As the crown prince he had already distinguished himself as a capable military commander defeating the Pallava king Nandivarman II in battle and capturing the besieged fort. However, as king his political acumen was somewhat lacking, certainly less than his illustrious father, as demonstrated by the following episode. The Pandya king Maravarman Rajasimha had joined with Vikramaditya II in the fight against the Pallavas and had become a valued Chalukya ally. However, the Pandya kingdom included some parts of the Kongu country which was contiguous to and impinged on Ganga territory. Inevitably border disputes broke out between the two and in the ensuing conflict Kirtivarman sided with the Gangas who were traditional feudatories and long term allies of the Chalukyas. [Hindsight—it would probably have been better for Kirtivarman as the overlord of both the feuding kingdoms to be the arbitrator than join with one side, even though the Gangas were long-standing and extremely loyal feudatories. Then as now, politics and diplomacy needs to be conducted pragmatically with the national interest kept as the priority, as opposed to being idealistic.]

The Pandya king crossed the River Kaveri and defeated the combined Ganga-Chalukya armies in the Battle of Venbai and captured Malakongam in Tanjore district.
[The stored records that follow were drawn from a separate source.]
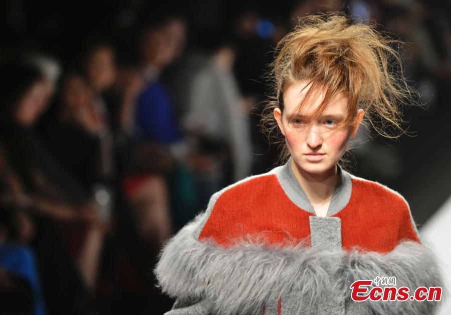 | A model presents a creation during Shanghai Fashion Week Fall/Winter 2015 in Shanghai, April 8, 2015. Nearly 50 shows will be held in the important fashion event from April 8 to 15, featuring both Chinese and international brands. (Photo: China News Service/Yuan Jing) |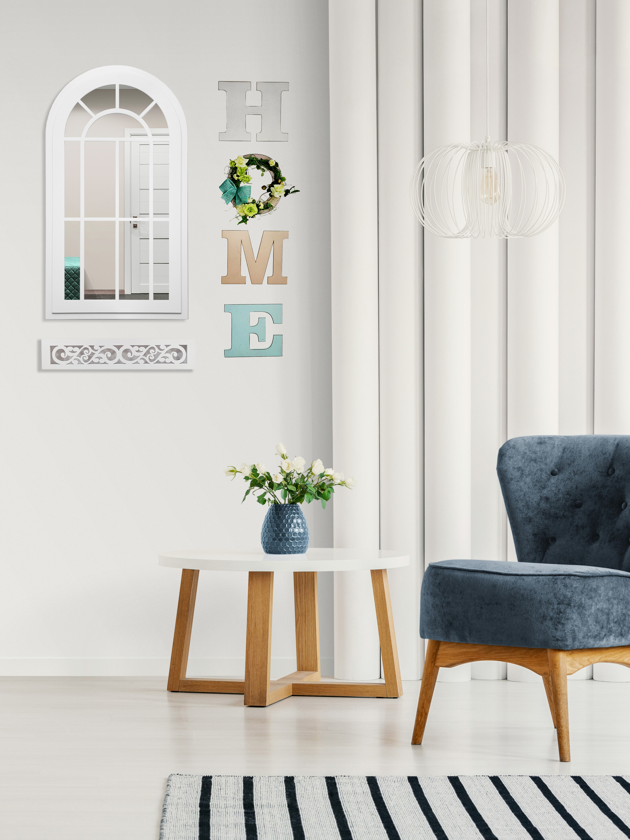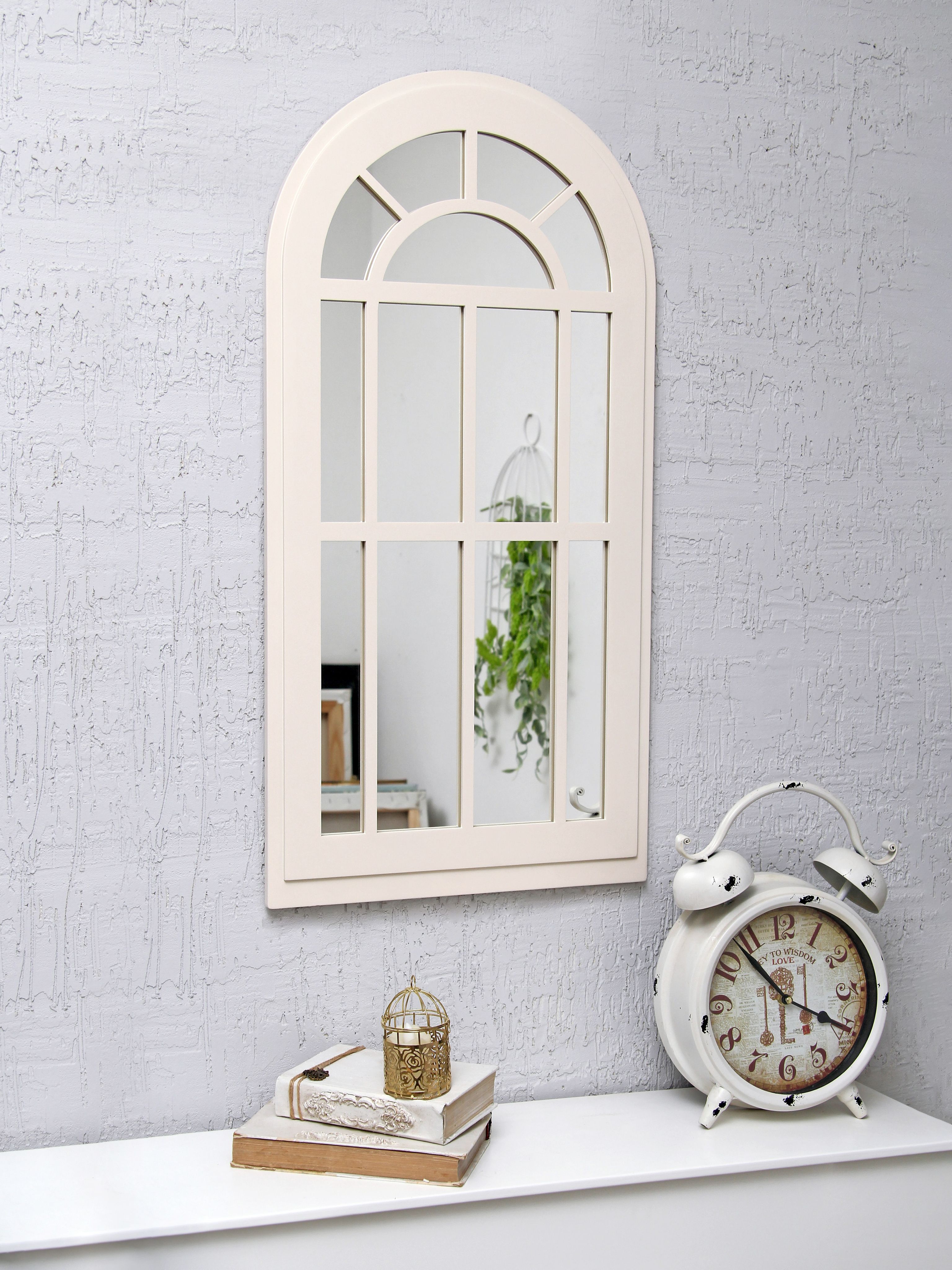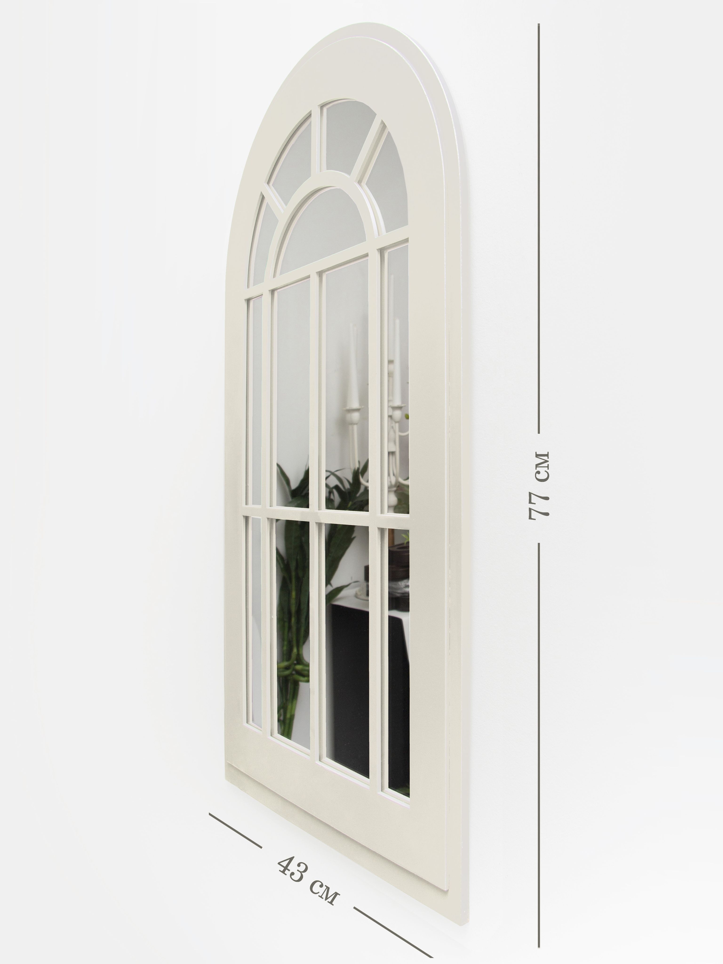 Зеркальный декор на стену в форме окна. Размер зеркального панно 67х34 см. Вставки из зеркала. Интерьерное зеркало будет прекрасным дополнением к настенному декору. Рама зеркала покрашена акриловой эмалью на водной основе. Подойдет для оформления интерьера в стиле прованс, добавит света и пространства в интерьере. На обратной стороне зеркала две петли, шурупы для крепления на стену в комплекте.
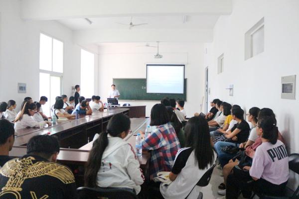 最后,副院长黄士国老师介绍了我院专业课程设置,就掌握学习方法,树立正确的专业思想等方面提出了希望和建议;徐倩老师就学籍管理规定做了详细说明;数学与应用数学专业系主任荣民希老师、信息与计算科学专业系主任许振华老师分别从学科专业、师资队伍、基地建设和科学研究等方面对2018新生进行了详细的讲解,鼓励大家加强对学科专业的认识。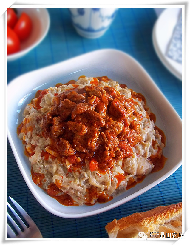 茄汁牛肉伴着烤得香软的茄子吃别提多美味了。这是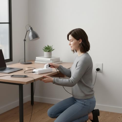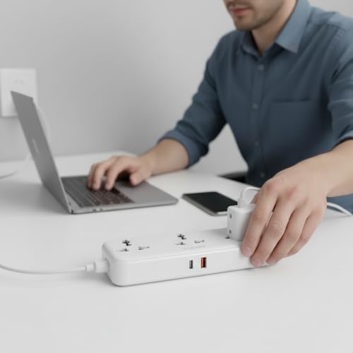 - المشترك مناسب للاستخدام خلف الكنب، خلف المكاتب، أو بجانب السرير لتشغيل وشحن عدة أجهزة في وقت واحد.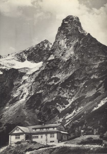Tatry Wysokie. Schronisko Brnčala przy Zielonym Stawie, Kołowy Szczyt i Jastrzębia Turnia.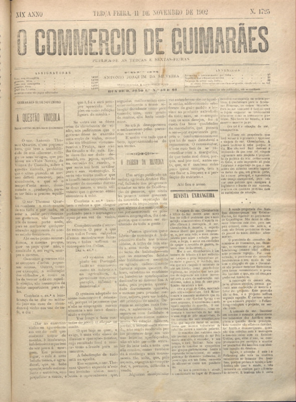 Comércio de Guimarães, nº 1728, de 21/11/1902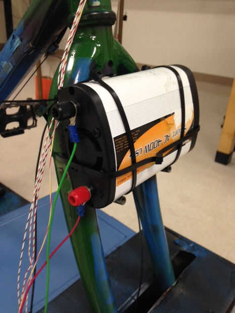 Conectar el inversor a la batería es tan sencillo como conectar el positivo del inversor para el extremo positivo de la batería y el negativo al extremo negativo de la batería. Este es el desnudo mínimo necesario para un generador de bicicleta operacional. El generador cargará la batería mediante el controlador de carga y la fuerza de voluntad de la batería del inversor, carga cualquier dispositivos están conectados.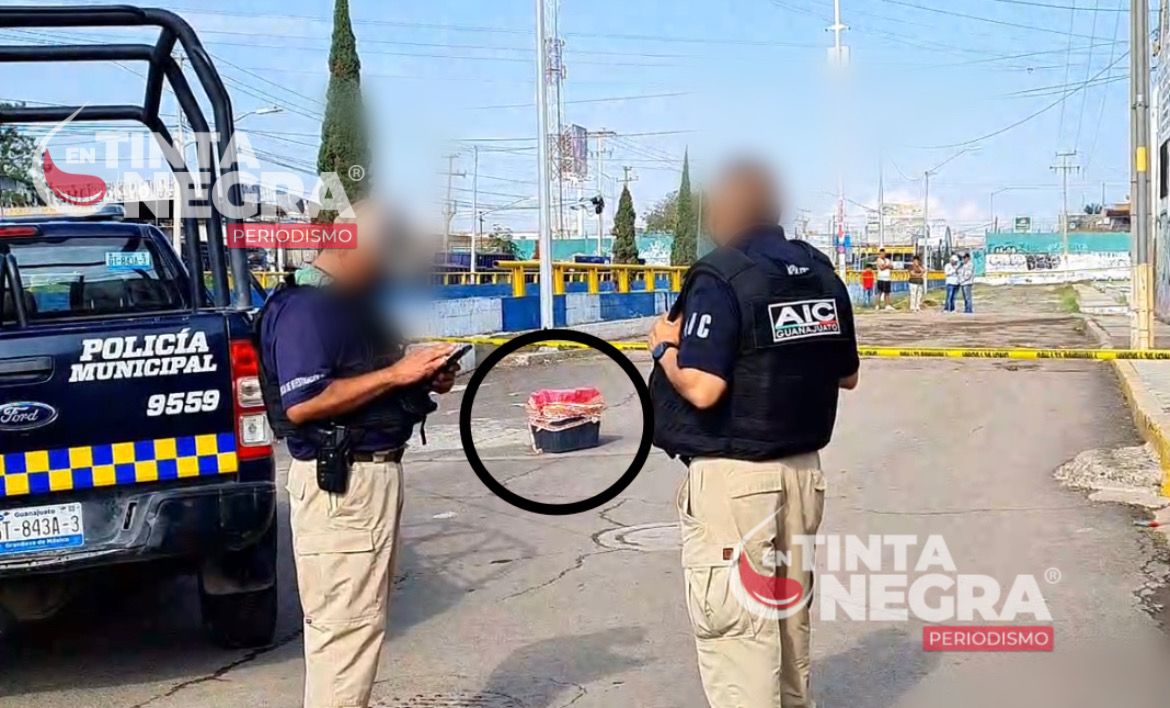 El recipiente color negro fue dejado a un lado del paso a desnivel de la avenida Obregón en esta ciudad de Irapuato, sobre el camino terracero adyacente que conecta a las colonias Los Hoyos y Plan Guanajuato.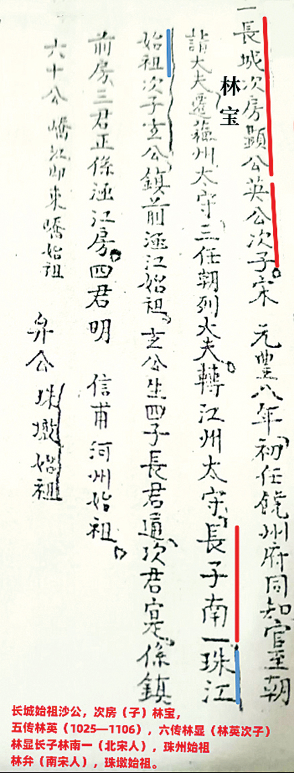 长城始祖沙公,次房(子)林宝,五传林英(1025—1106),六传林显(林英次子)。林显长子林南一(北宋人),珠江始祖。林弁(南宋人),珠墩始祖。
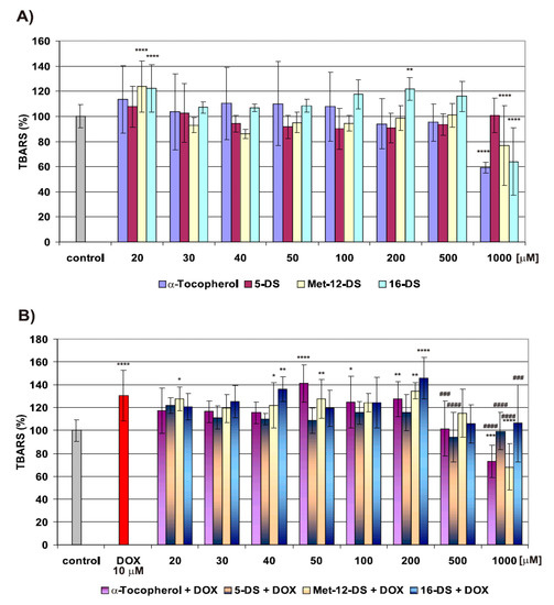 30]. However, in our study, only the highest concentration (1000 μM) of α-Tocopherol, applied alone, acted protectively and significantly reduced the level of LPO in B14 cells. Similarly, α-Tocopherol acted as an antioxidant and inhibited LPO induced by DOX only at the highest concentrations (500 and 1000 μM).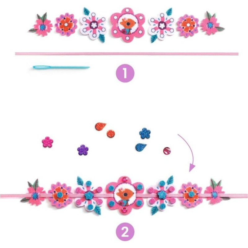 Loominguline komplekt nelja armsa käevõru valmistamiseks, mida saab kaunistada sädelevate vahtplastist kleebiste ja kalliskividega. Jäta endale või kingi ära! Komplektis on 28 vildist osa (7 käevõru jaoks), 4 elastset paela, 4 sädelevate vahtplastist kleebiste lehte, 1 kalliskivikleebiste leht, 4 tömbi otsaga nõela ja täpne juhis. Sobiv alates 5. eluaastast. HOIATUS! Ei sobi alla 3-aastastele lastele. Lämbumisoht - sisaldab väikeseid osi. Valmistatud Hiinas.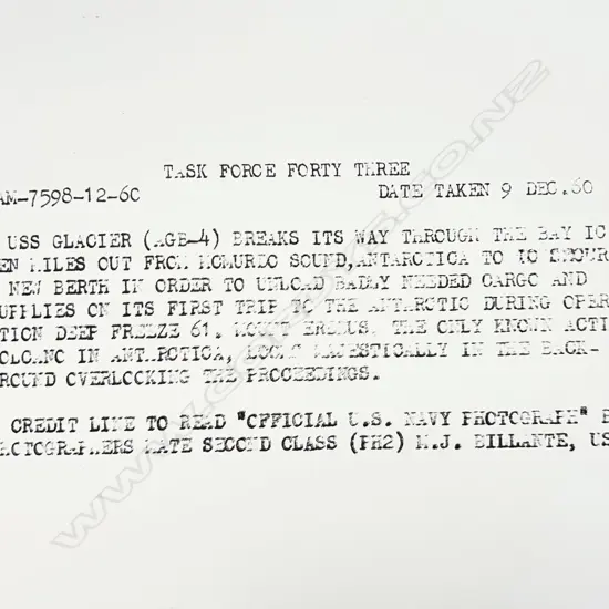 VINTAGE PHOTO: 'Task force Forty Three. Date taken 9 Dec. 60 USS Glacier Breaks its way through .... vintage photo....
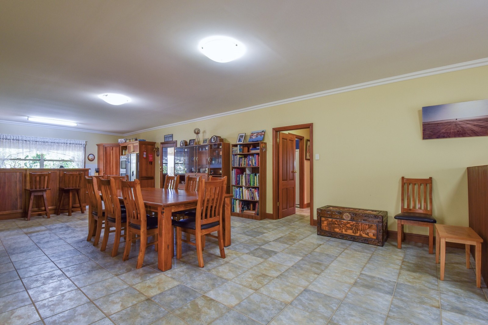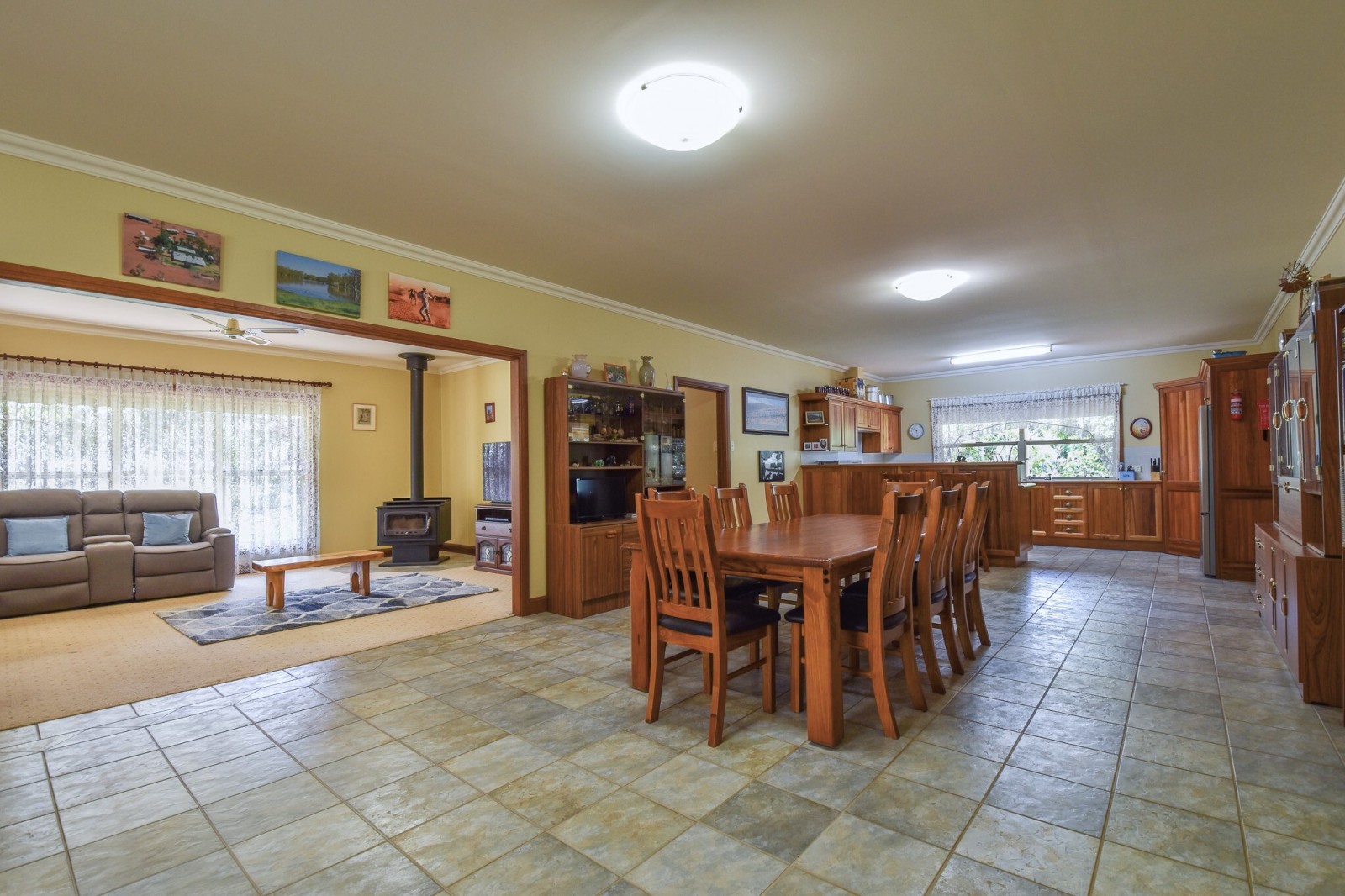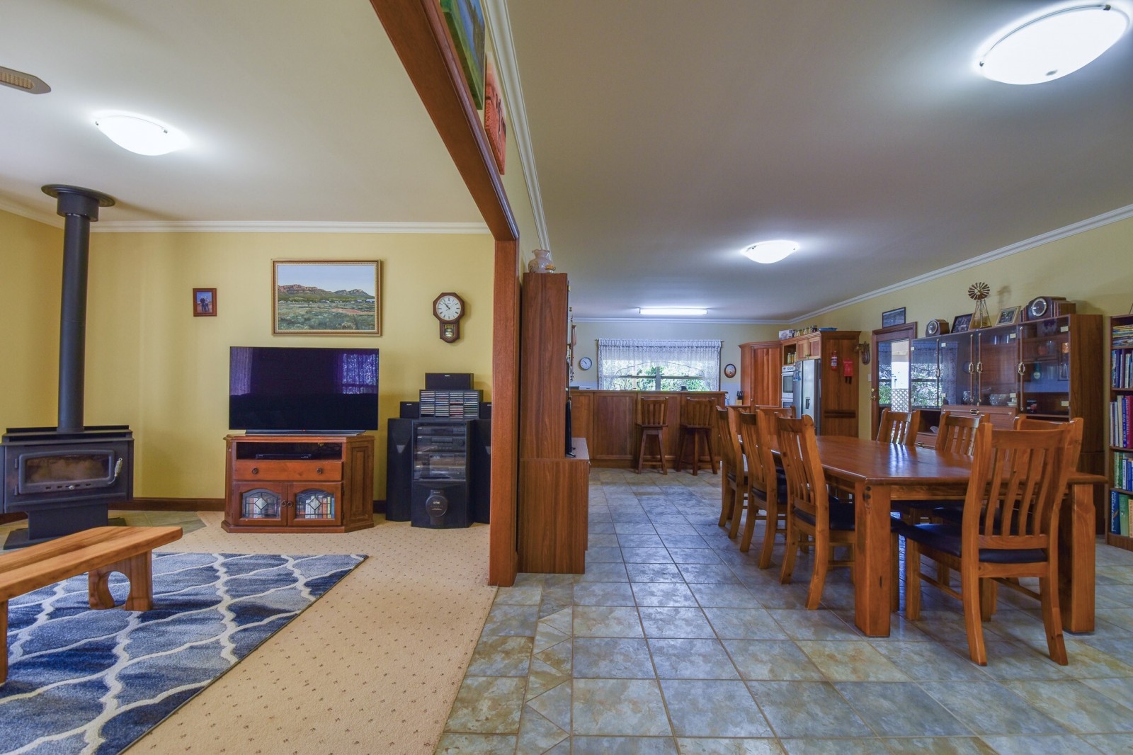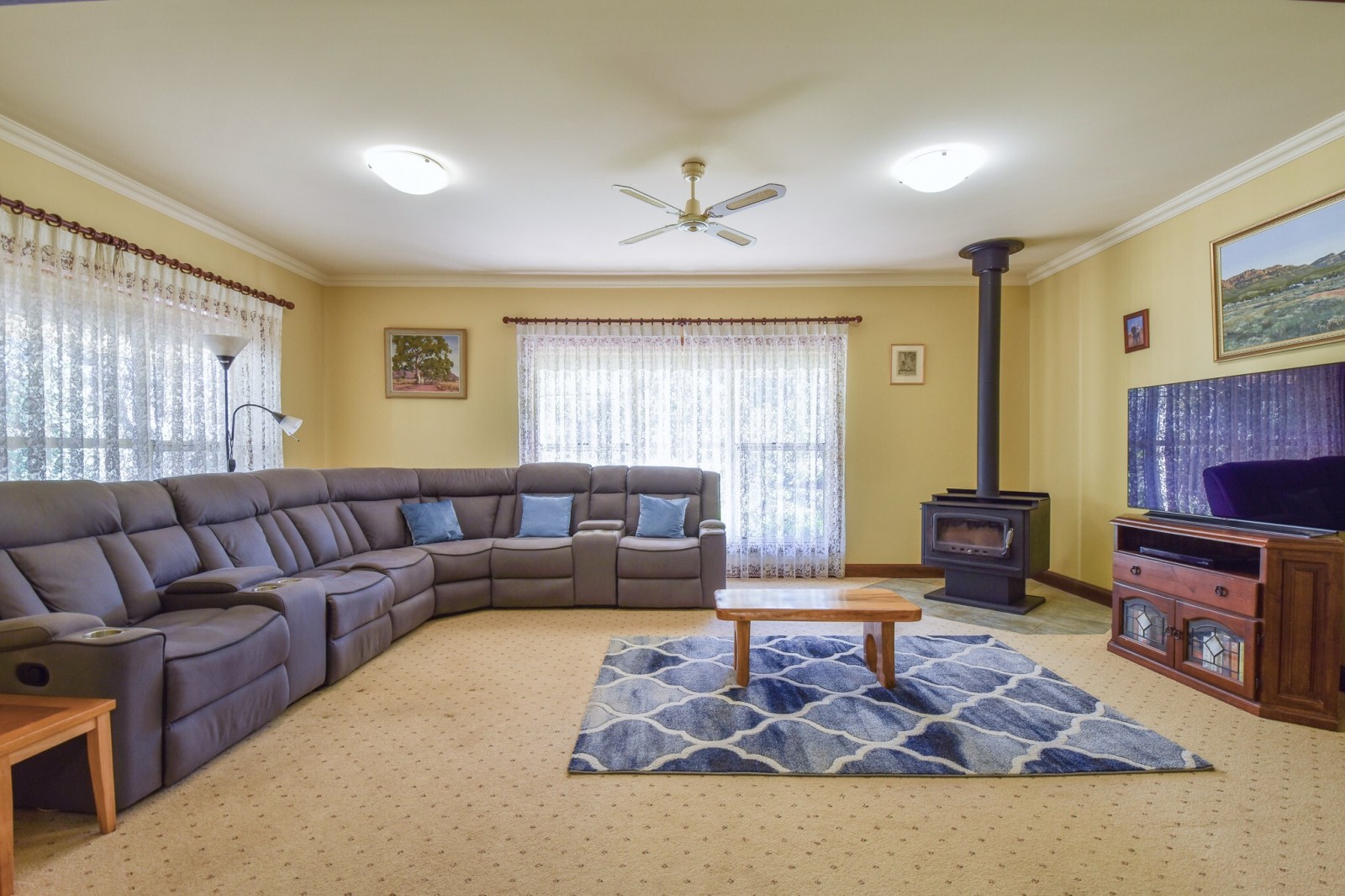 A separate lounge provides a second living area and includes a combustion wood heater, making it a comfortable space during the cooler months.

A peace was concluded thereafter which was sealed by the marriage of a Ganga princess to the Pandyan prince, around 748. During this battle, Kirtivarman was not physically present but represented by part of his army and it is certain that he was not directly involved in either the actual battle or the planning of the campaign. He had merely lend a part of his army to the Gangas. This is confirmed by the fact that the battle did not have any impact on the superior position held by Kirtivarman and the Chalukya kingdom per se was not attacked nor did it lose territory. The impact was however more subtle and was not really perceived by Kirtivarman. It demonstrated to the feudatories, who were watching with interest that being allied to the Chalukyas was not an assurance of safety and that the Chalukya monarch, even though loyal, could not be relied upon to provide absolute and fool-proof protection. This was one more indication of the decreasing political influence of the Chalukyas—a gradual and imperceptible decline in the power and status of the once glorious dynasty.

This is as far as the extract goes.